Palakkad MEMU Car Shed is an ISO certified motive power depot facility for maintaining MEMU rakes, situated at Palakkad in the Indian state of Kerala. It is one of the four MEMU rake maintenance sheds serving the Southern Railway zone of the Indian Railways and the first MEMU Shed in Kerala.

== History ==
Railway proposed MEMU Car sheds in Palakkad and Kollam in 2008's Indian Railway Budget.

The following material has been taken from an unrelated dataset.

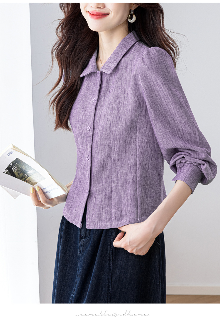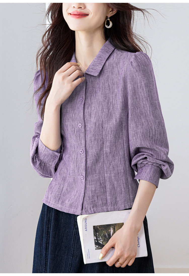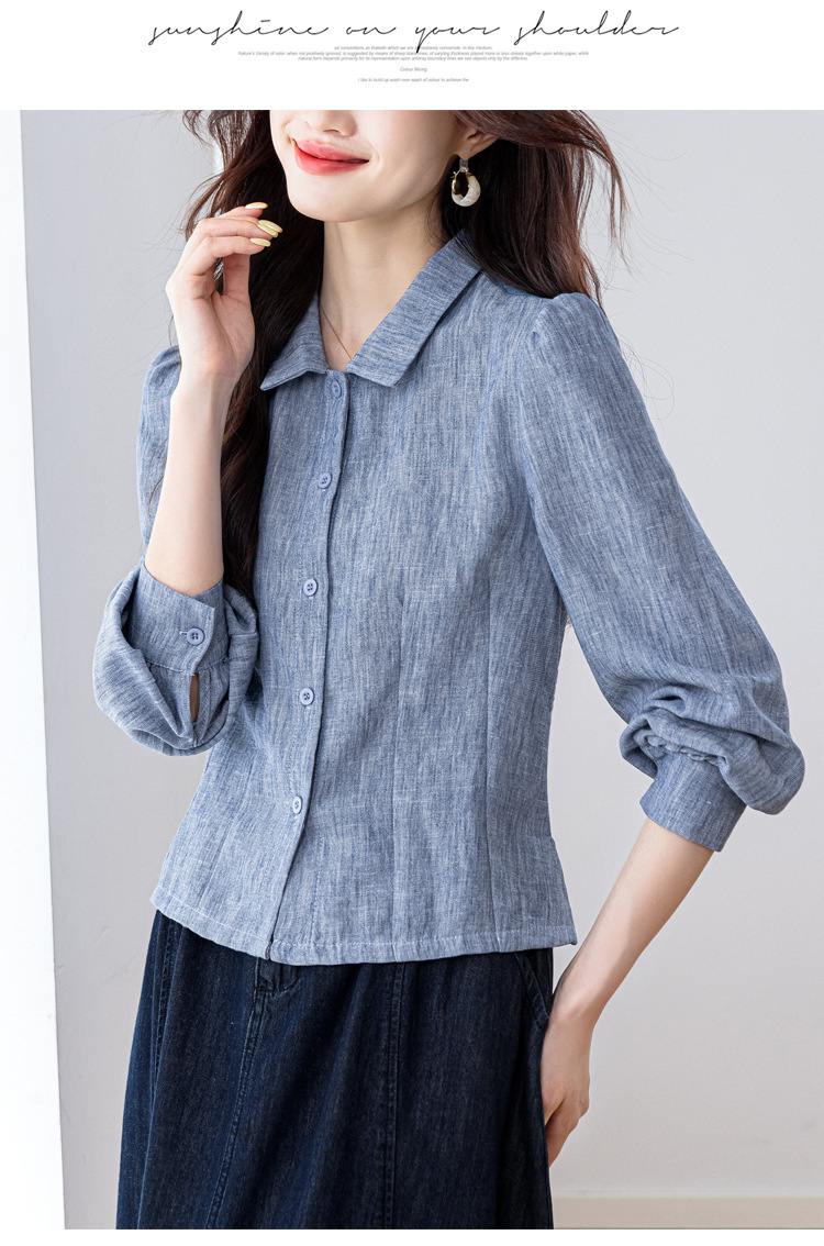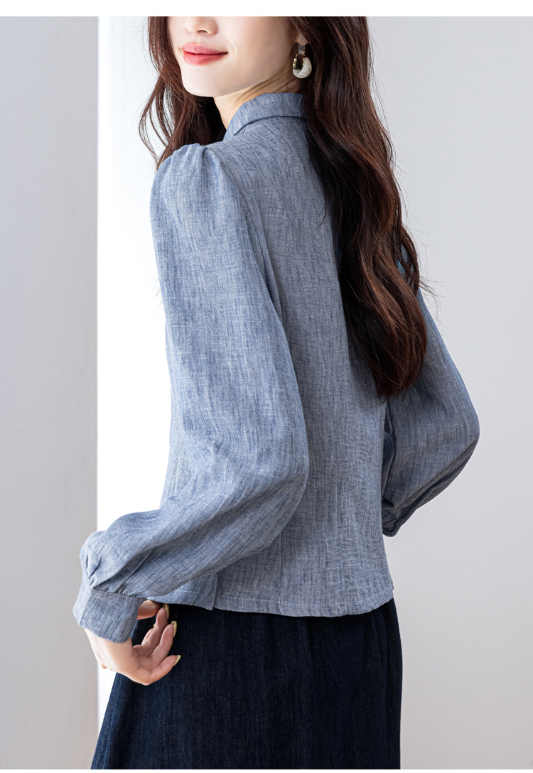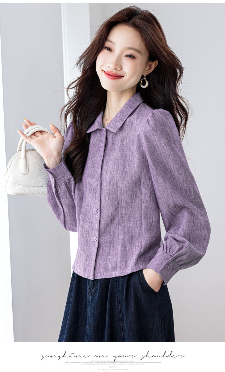 KQL2025年秋季新款亚麻百搭修身长袖刺绣灯笼袖衬衫宽松显瘦上衣批发

Palakkad MEMU shed inaugurated on 1 January 2011. The Kollam MEMU Shed was formally commissioned on 1 December 2013, five years after its completion.

Routes

66601/66602 Erode -Coimbatore--Erode.

66603/66604 Coimbatore-Shoranur- Coimbatore.

66605/66606 Coimbatore-Palakkad town -Coimbatore .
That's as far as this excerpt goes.